Metadata onboarding on the National Catalogue

status: Ready for Review

 

Introduction

This document aims to guide the data onboarding process, explaining how to publish information about datasets on the National Health Data Catalogue. It's essential to note that this document is dynamic and subject to regular updates to reflect the current state of the catalogue. This documentation is intended for researchers and data holders.

Data onboarding translates into making datasets accessible on the National Health Data Catalogue. By following the steps outlined in this guide, you can ensure that your data is effectively and correctly onboarded and can be made readily available for data users.

What is the National Health Data Catalogue?

The National Health Data Catalogue is an overview of health & life sciences research data in the Netherlands. It contains metadata about the available datasets, meaning it contains the description of the datasets and other resources. This description includes, for example, a date when the dataset was created, the authors, or a URL where the data can be found. The metadata hosted within the National Health Data Catalogue are sourced from a diverse range of origins and domains. These sources can span from electronic records to images, biomaterials, omics data, collections and many more.

The goal of the National Health Data Catalogue is to create an infrastructure for secondary use of data where researchers and other interested parties can find and access cross-domain data relevant to their research. The intent is to harvest currently available data from any health-care and life science domain in the Netherlands.

 

The catalogue's goal is to foster FAIR data principles—making data Findable, Accessible, Interoperable, and Reusable for its users. To delve deeper into the concept of FAIR, you can find more information about it here.

Where does the The National Health Data Catalogue get metadata?

The Catalogue can harvest information from other catalogues, and itself can also be harvested by other catalogues. This means that, once metadata is entered in one catalogue, it automatically becomes available in other catalogues, preventing a data holder from having to enter the metadata manually in every individual catalogue. Ideally the two catalogues can be connected via a FAIR data point that holds information about the data and shares it with the Catalogue (Figure 1).
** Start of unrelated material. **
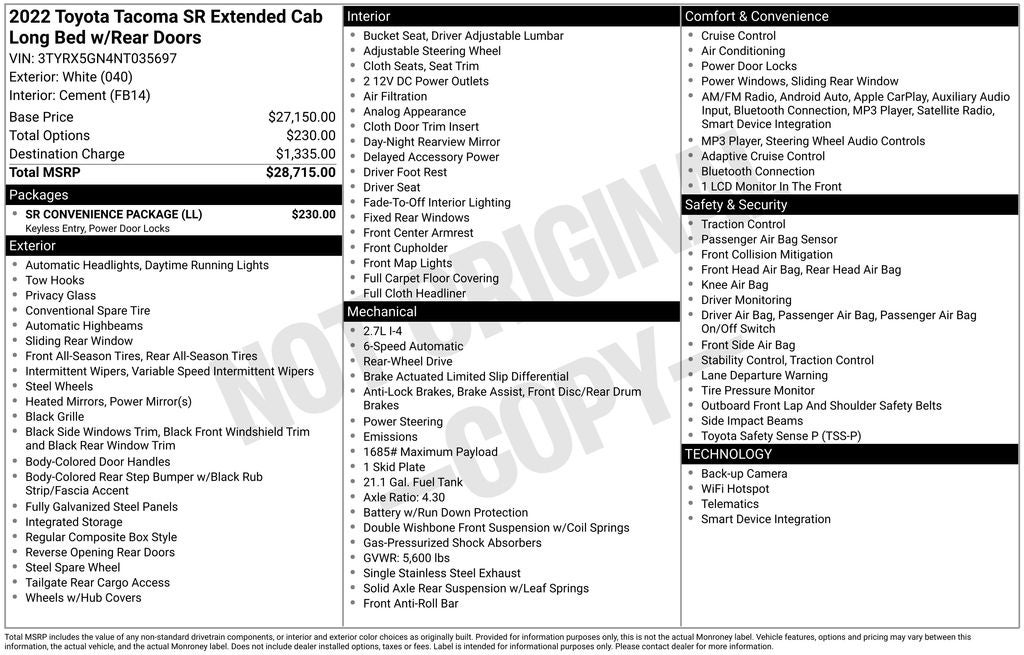 White 2022 Toyota Tacoma SR RWD 6-Speed Automatic 2.7L SMPI DOHC Air Conditioning, AM/FM radio: SiriusXM, Apple CarPlay/Android Auto, Exterior Parking Camera Rear, Front Bucket Seats, Remote Keyless Entry, Speed control, SR Convenience Package, Steering wheel mounted audio controls, Wheels: 16 x 7J Style Steel Disc.
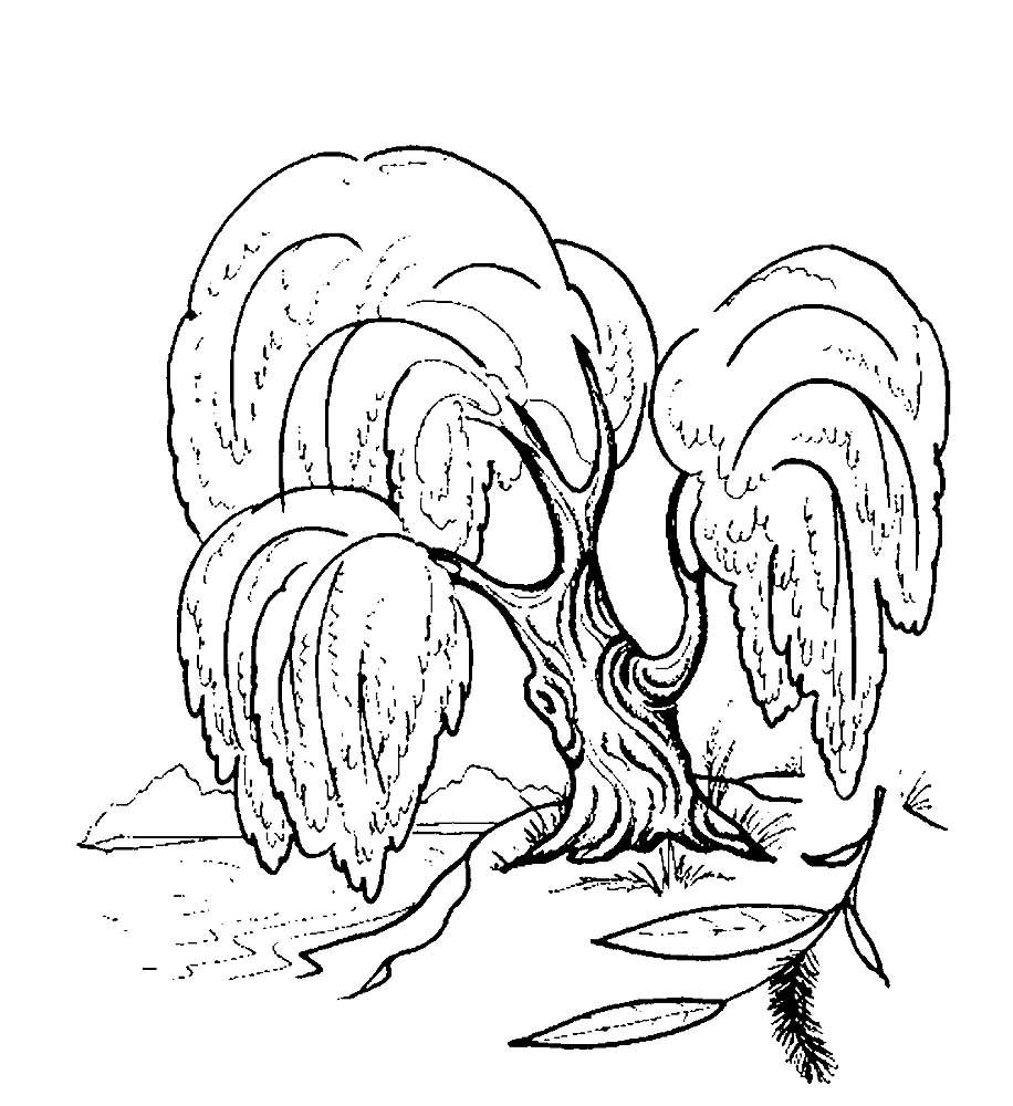 ![Раскраска дерево Ива]()

There are several ways a data holder can onboard their data to the Catalogue. However, firstly the data needs to be properly prepared and described. The Catalogue uses a Health-RI metadata schema based on DCAT v3 and DCAT AP. Currently, this metadata schema uses relatively general and overarching classes and definitions, forming the so-called Core metadata schema. Learn more about the schema here GitHub - Health-RI/health-ri-metadata at master. This core metadata schema will be further expanded in the future (see What is the future of the National Health Data Catalogue)

 

afbeelding-20240227-144157.png
Figure 1. Connection of data (source) to the National Catalogue via an FDP

 

How to onboard your metadata to the Catalogue?

There are several steps needed to publish your metadata on the National Catalogue. Here we show the basic steps. You can find some examples of onboarding and scenarios here. For technical documentation please refer to the Health-RI Github: GitHub - Health-RI/health-ri-metadata at master.

General onboarding steps

1.Request

In this step a data holder/provider reaches out to Health-RI to request onboarding of the metadata, via our service desk: servicedesk@health-ri.nl. A Health-RI contact person is assigned to the data holder/provider and the request is internally registered.

2. Intake

The Health-RI contact person requests the data holder/provider to provide information about the data and resources available. If needed a meeting can be initiated in this stage to provide more detailed information. The Heath-RI contact person also facilitates contact or aligment with other onboarding projects in the same institute or node if possible.

In this step it is also crucial to check if the FAIR pre-requisites and ELSI guidelines are followed. More on the ELSI considerations can be found here: Make sure you can publish your metadata

3. Planning

In this stage the data holder/provider explores the onboarding process and plans a strategy. The resulting strategy should be scalable and ideally usable for multiple data holder/provider when possible (ie. institute level onboarding). Here are some questions that need to be answered in this stage:

What?

What data will be onboarded?

What metadata (schema) are already in place?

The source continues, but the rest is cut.